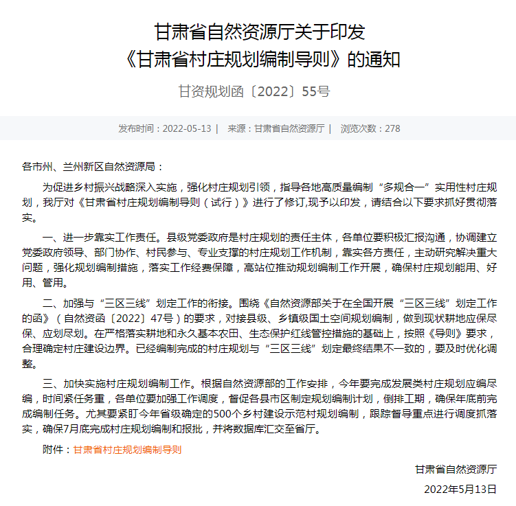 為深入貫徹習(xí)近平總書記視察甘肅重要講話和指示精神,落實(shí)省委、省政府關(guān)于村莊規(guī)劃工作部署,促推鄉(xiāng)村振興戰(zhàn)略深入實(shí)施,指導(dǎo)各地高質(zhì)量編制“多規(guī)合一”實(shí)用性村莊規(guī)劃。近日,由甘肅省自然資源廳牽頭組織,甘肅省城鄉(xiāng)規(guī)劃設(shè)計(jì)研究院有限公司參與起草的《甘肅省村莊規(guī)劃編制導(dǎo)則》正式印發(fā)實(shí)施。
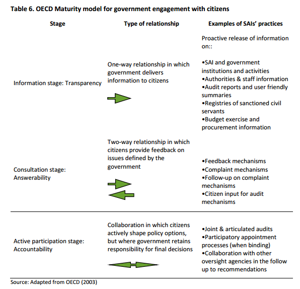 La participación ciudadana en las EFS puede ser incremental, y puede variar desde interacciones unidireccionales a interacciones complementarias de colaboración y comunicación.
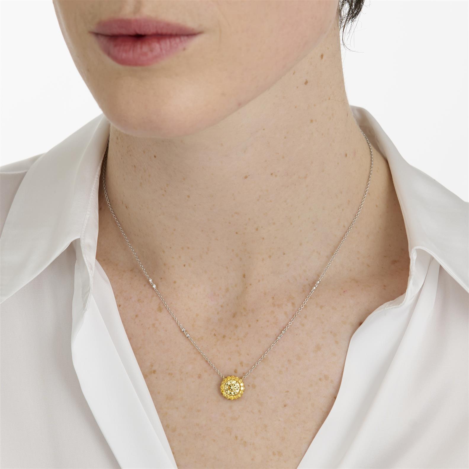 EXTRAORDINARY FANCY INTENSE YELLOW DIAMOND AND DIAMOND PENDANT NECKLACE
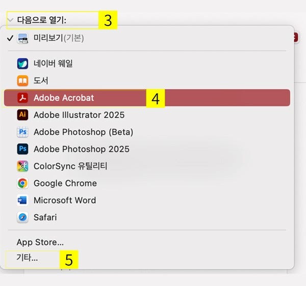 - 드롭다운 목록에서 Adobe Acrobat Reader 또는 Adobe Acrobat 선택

+ + + +

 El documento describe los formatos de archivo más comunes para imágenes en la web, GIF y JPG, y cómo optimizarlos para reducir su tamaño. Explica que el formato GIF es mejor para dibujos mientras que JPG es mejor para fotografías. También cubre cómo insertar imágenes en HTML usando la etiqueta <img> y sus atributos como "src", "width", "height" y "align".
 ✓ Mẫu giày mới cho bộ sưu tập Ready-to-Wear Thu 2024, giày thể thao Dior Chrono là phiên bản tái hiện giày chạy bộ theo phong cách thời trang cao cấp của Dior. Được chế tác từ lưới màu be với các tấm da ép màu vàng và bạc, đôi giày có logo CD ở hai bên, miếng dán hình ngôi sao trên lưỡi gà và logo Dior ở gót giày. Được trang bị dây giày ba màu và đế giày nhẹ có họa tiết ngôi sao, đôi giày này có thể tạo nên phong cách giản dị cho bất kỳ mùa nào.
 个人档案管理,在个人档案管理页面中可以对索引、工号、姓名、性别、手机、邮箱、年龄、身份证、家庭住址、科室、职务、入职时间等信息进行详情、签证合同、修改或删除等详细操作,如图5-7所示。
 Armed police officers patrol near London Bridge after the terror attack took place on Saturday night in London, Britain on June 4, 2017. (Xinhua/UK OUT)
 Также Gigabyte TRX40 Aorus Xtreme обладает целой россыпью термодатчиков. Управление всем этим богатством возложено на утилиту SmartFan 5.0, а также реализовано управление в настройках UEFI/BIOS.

+ + + +

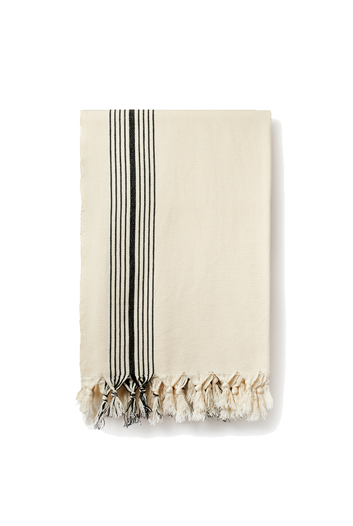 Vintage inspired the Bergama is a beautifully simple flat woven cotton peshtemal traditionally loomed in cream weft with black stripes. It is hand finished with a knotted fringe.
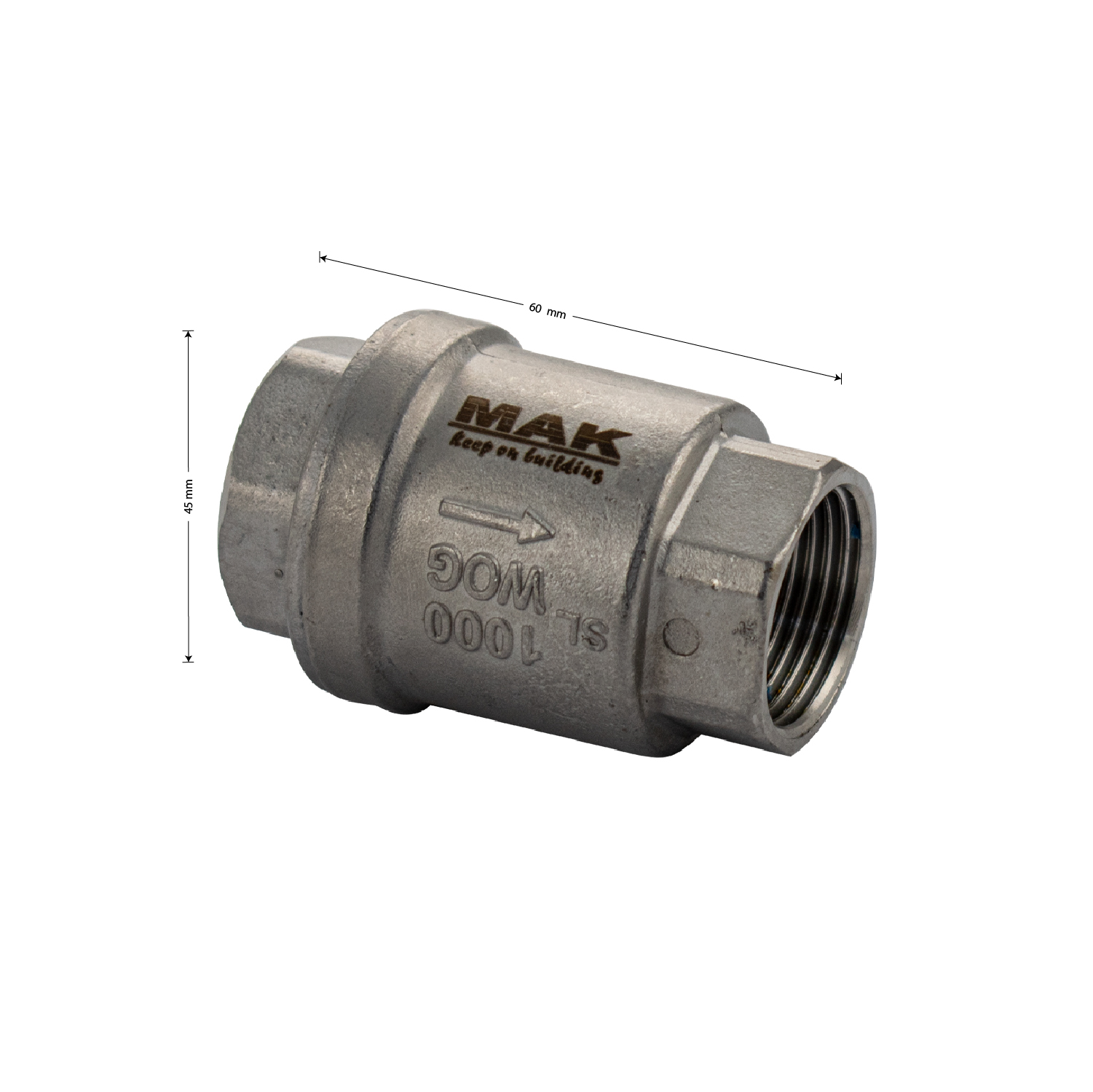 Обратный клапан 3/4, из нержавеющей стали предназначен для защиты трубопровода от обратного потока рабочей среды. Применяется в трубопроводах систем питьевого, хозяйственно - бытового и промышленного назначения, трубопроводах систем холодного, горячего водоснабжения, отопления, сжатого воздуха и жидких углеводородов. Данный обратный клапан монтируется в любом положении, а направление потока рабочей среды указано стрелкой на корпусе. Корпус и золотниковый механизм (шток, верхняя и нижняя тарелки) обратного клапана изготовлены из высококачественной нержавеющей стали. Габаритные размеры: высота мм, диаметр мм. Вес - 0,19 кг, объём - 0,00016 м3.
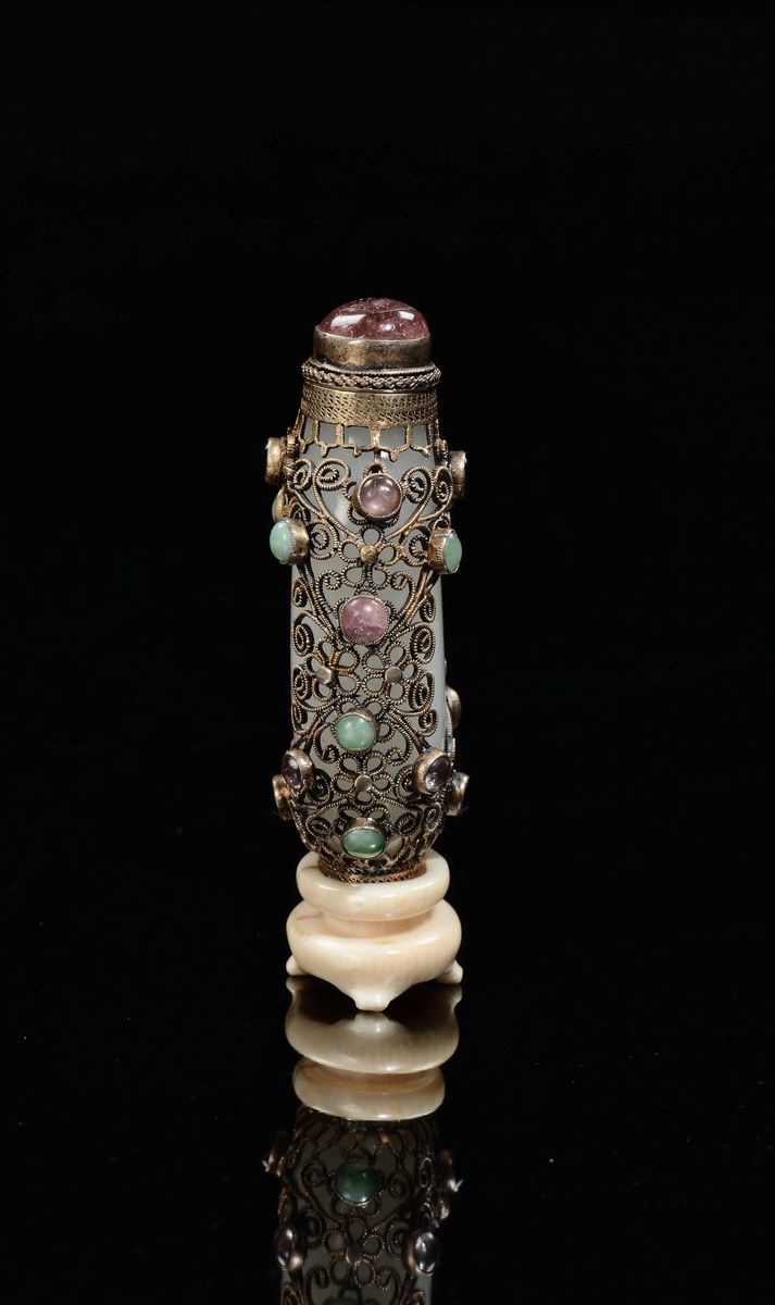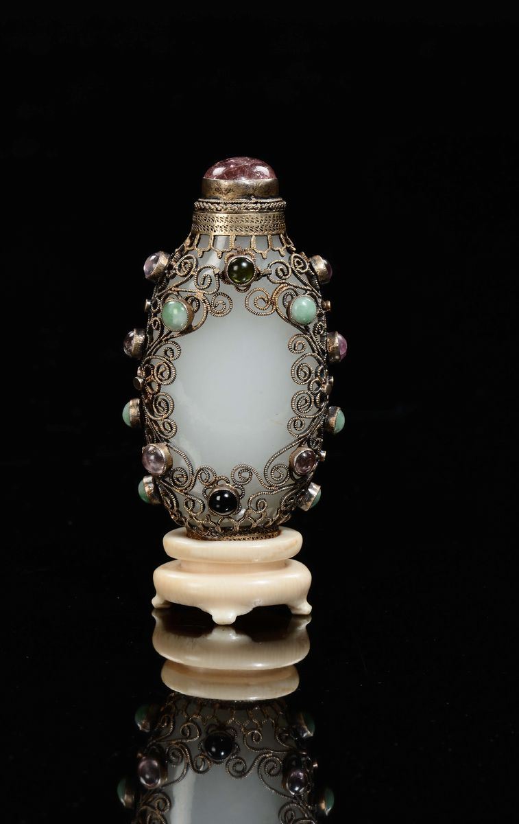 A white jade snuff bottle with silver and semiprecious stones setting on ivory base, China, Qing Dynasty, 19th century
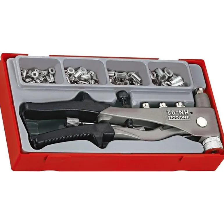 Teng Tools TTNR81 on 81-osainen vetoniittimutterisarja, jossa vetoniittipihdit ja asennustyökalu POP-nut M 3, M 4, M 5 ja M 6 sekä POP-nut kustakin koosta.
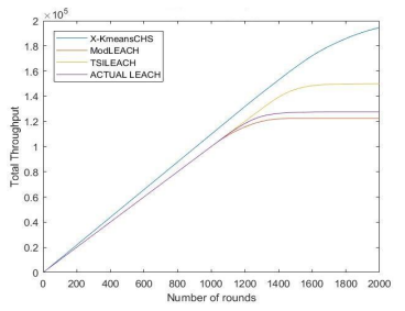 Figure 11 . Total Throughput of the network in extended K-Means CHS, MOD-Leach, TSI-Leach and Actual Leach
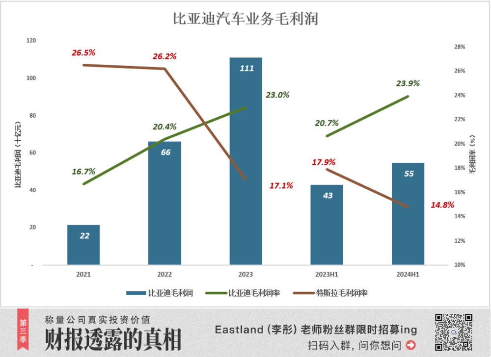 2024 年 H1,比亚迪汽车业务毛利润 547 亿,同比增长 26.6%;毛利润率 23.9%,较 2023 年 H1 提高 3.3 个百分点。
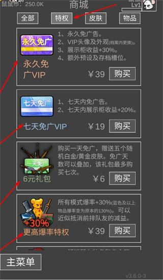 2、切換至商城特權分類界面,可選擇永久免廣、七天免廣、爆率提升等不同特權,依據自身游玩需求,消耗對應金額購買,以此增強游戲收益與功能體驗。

+ + + +

_What needs to be done_:
Please reproduce, exactly as they appear above, the lines from the line containing "El documento describe" up to and including the line containing "Также Gigabyte TRX40".

_Response to this exercise_:
 El documento describe los formatos de archivo más comunes para imágenes en la web, GIF y JPG, y cómo optimizarlos para reducir su tamaño. Explica que el formato GIF es mejor para dibujos mientras que JPG es mejor para fotografías. También cubre cómo insertar imágenes en HTML usando la etiqueta <img> y sus atributos como "src", "width", "height" y "align".
 ✓ Mẫu giày mới cho bộ sưu tập Ready-to-Wear Thu 2024, giày thể thao Dior Chrono là phiên bản tái hiện giày chạy bộ theo phong cách thời trang cao cấp của Dior. Được chế tác từ lưới màu be với các tấm da ép màu vàng và bạc, đôi giày có logo CD ở hai bên, miếng dán hình ngôi sao trên lưỡi gà và logo Dior ở gót giày. Được trang bị dây giày ba màu và đế giày nhẹ có họa tiết ngôi sao, đôi giày này có thể tạo nên phong cách giản dị cho bất kỳ mùa nào.
 个人档案管理,在个人档案管理页面中可以对索引、工号、姓名、性别、手机、邮箱、年龄、身份证、家庭住址、科室、职务、入职时间等信息进行详情、签证合同、修改或删除等详细操作,如图5-7所示。
 Armed police officers patrol near London Bridge after the terror attack took place on Saturday night in London, Britain on June 4, 2017. (Xinhua/UK OUT)
 Также Gigabyte TRX40 Aorus Xtreme обладает целой россыпью термодатчиков. Управление всем этим богатством возложено на утилиту SmartFan 5.0, а также реализовано управление в настройках UEFI/BIOS.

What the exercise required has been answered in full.